Chinese calligraphy draws a lot of attention for its beauty and elegance. But due to the complexity of shape and styles of calligraphic characters, it is difficult for common users to recognize them. Thus it would be great if a tool is provided to help users to recognize the unknown calligraphic characters. The well-known OCR (Optical Character Recognition) technology can hardly help people to recognize the unknown characters because of their deformation and complexity. In CADAL, a Calligraphic Character Dictionary (CalliCD) which contains character images labeled with semantic meaning has been constructed and provided to common users to use online. With the help of CalliCD, user can learn more about the unknown calligraphic character by performing similarity based searching. But as with the growth of CalliCD, it takes intolerable time to do the similarity based one-to-one searching. Strategies that can handle large scale data are needed. In this paper, a fast recognition schema based on retrieval is proposed. In addition, a novel shape descriptor, called GIST-SC, is proposed to represent calligraphic character image for efficient and effective retrieval. The schema works in three steps. Firstly approximate nearest neighbors of the character image to be recognized are found quickly. Secondly, one-to-one fine matching between approximate nearest neighbors and the character image to be recognized is performed. Finally the recognition based on semantic probability is given. Our experiments show that the GIST-SC descriptor and the recognition schema are efficient and effective for Chinese calligraphic character recognition with CalliCD.

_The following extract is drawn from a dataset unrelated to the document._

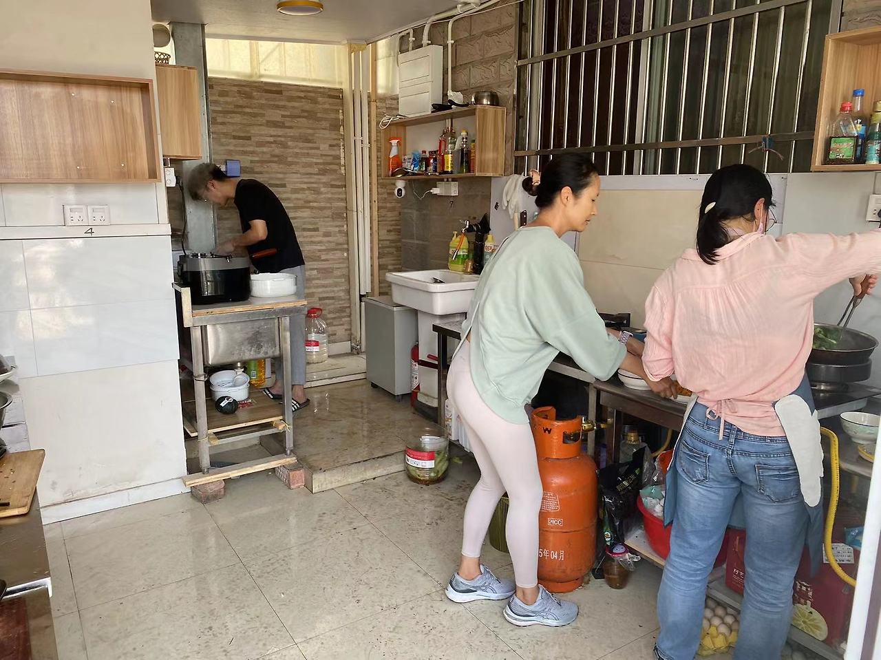 공용주택의 공용주방은 여럿이 각자의 식사를 만든다.

机译:中国书法的优美和典雅吸引了很多关注。但是由于书法字符的形状和样式的复杂性,普通用户很难识别它们。因此,如果提供一种工具来帮助用户识别未知的书法字符,那就太好了。众所周知的OCR(光学字符识别)技术由于其变形和复杂性,几乎无法帮助人们识别未知字符。在CADAL中,已构建了包含用语义标记的字符图像的书法字符词典(CalliCD),并提供给普通用户以在线使用。借助CalliCD,用户可以通过执行基于相似度的搜索来了解有关未知书法字符的更多信息。但是随着CalliCD的增长,基于一对一的搜索进行相似性花费了无法忍受的时间。需要可以处理大规模数据的策略。本文提出了一种基于检索的快速识别方案。此外,提出了一种新颖的形状描述符,称为GIST-SC,用于表示书法字符图像,以进行高效有效的检索。该架构分为三个步骤。首先,快速找到要识别的字符图像的近似最近邻居。其次,在近似最接近的邻居和要识别的字符图像之间进行一对一的精细匹配。最后给出了基于语义概率的识别。我们的实验表明,GIST-SC描述符和识别方案对于用CalliCD进行中文书法字符识别是有效的。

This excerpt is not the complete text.